W2008-00378-COA-R3-CV

This appeal concerns the enforceability of an arbitration agreement between a nursing home and one of its patients. Although the trial court found that the patient’s spouse had authority to sign the agreement under the terms of a power of attorney, the court concluded that the spouse did not knowingly and voluntarily waive the patient’s right to a jury trial. Therefore, the trial court denied the defendant’s motion to compel arbitration. After reviewing the entire record, we find that thefacts do not support the trial court’s conclusion. Accordingly, we reverse and remand.

Authoring Judge: Judge J. Steven Stafford
Originating Judge:Judge D'Army Bailey
Shelby County Court of Appeals 11/19/08
State of Tennessee v. Annette Turner Morrow

M2007-01716-CCA-R3-CD

The Defendant, Annette Turner Morrow, appeals from the sentencing decision of the Maury County Circuit Court. The Defendant pleaded guilty to theft of property valued at over $10,000 but less than $60,000 and identity theft. Following a sentencing hearing, the trial court imposed an effective five-year sentence as a Range I, standard offender and ordered the Defendant to serve her sentence in the Department of Correction. On appeal, the Defendant contends that the trial court erred in denying her request for probation or other alternative sentencing. Finding no error, we affirm the judgment of the trial court.

Authoring Judge: Judge David H. Welles
Originating Judge:Judge Stella L. Hargrove
Maury County Court of Criminal Appeals 11/19/08
State of Tennessee v. Frank G. Watkins

W2008-00567-CCA-R3-CD

Defendant-Appellant, Frank G. Watkins (hereinafter “Watkins”), appeals the Madison County Circuit Court’s order revoking his community corrections sentence. Watkins contends that the trial court abused its discretion by failing to base its decision on a “willful” action. Following our review, we find no abuse of discretion. The judgments of the trial court are affirmed.

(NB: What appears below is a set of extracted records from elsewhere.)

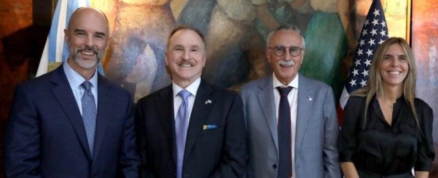 El ministro de Salud de la Nación, Mario Lugones, junto al embajador de los Estados Unidos en la Argentina, Peter Lamelas, recibió a representantes de Pfizer, encabezados por Agustina Ruiz Villamil, con motivo del lanzamiento de un Centro Global de Datos Clínicos y Ciencias de la Información (CDIS) en el país.
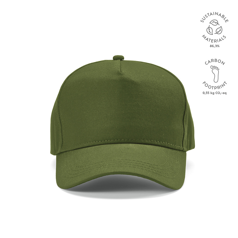 Casquette Trucker à 5 empiècements avec visière incurvée profilée en 60% coton recyclé brossé et 40% polyester recyclé. L'arrière de cette casquette est en mesh (polyester) pour une ventilation optimale. Fermeture velcro pour un ajustement facile.
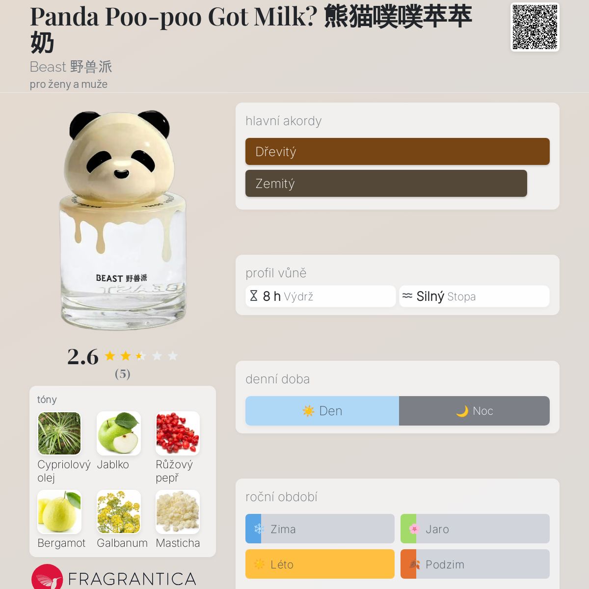 Panda Poo-poo Got Milk? 熊猫噗噗苹苹奶 podle Beast 野兽派 je vůně pro ženy a muže. Vrchní tóny jsou Granny Smith jablko, Růžový pepř, Bergamot, Galbanum a Masticha; střední tóny jsouKonvalinka, Jasmín a Ambrette (přírodní pižmo) ; základní tóny jsou Cypriolový olej, Santalové dřevo, Ambra, Vetiver, Pižmo, Mléko a Mech.

Authoring Judge: Judge Camille R. McMullen
Originating Judge:Judge Roger A. Page
Madison County Court of Criminal Appeals 11/17/08
Manufacturers Acceptance Corporation v. U.S. Bank National Association

E2008-00122-COA-R3-CV

In this declaratory judgment action, the Trial Court granted defendant summary judgment on the issue of priority of liens on real property. On the Petition to Set Up a Lost Instrument, the Trial Court following an evidentiary hearing, held that defendant was entitled to set up the lost instrument by a copy of its original. On appeal, we affirm the Trial Court’s decision in establishing the lost instrument, but vacate the summary judgment on the issue of the priority of liens and remand for trial on that issue.

Authoring Judge: Judge Herschel Pickens Franks
Originating Judge:Chancellor Daryl R. Fansler
Knox County Court of Appeals 11/14/08
Oakwell Farms Limited Partnership et al. v. Metropolitan Board of Fire & Building Code Appeals et al.

M2007-00801-COA-R3-CV

An apartment complex owner filed a petition for writ of certiorari to challenge a decision of the Metro Board of Fire and Building Code Appeals denying the owner’s appeal of the fire marshal’s citation of the apartment complex for failure to install pull station alarms in certain areas. We agree with the chancellor’s conclusion that the Board did not exceed its jurisdiction, did not act illegally or arbitrarily, and based its decision upon material evidence.

Authoring Judge: Judge Andy D. Bennett
Originating Judge:Judge Walter C. Kurtz
Davidson County Court of Appeals 11/14/08
Tennie Martin, et.al. v. Southern Railway Company, et.al. - Concurring

E2006-01021-SC-R11-CV

I concur with the result reached by the Court. Based on the current appellate record, there exists a genuine factual issue regarding whether Conductor Danny Martin sounded the train’s whistle as the train approached the crossing as required by Tenn. Code Ann. § 65-12-108(2) (2004).

Authoring Judge: Justice William C. Koch, Jr.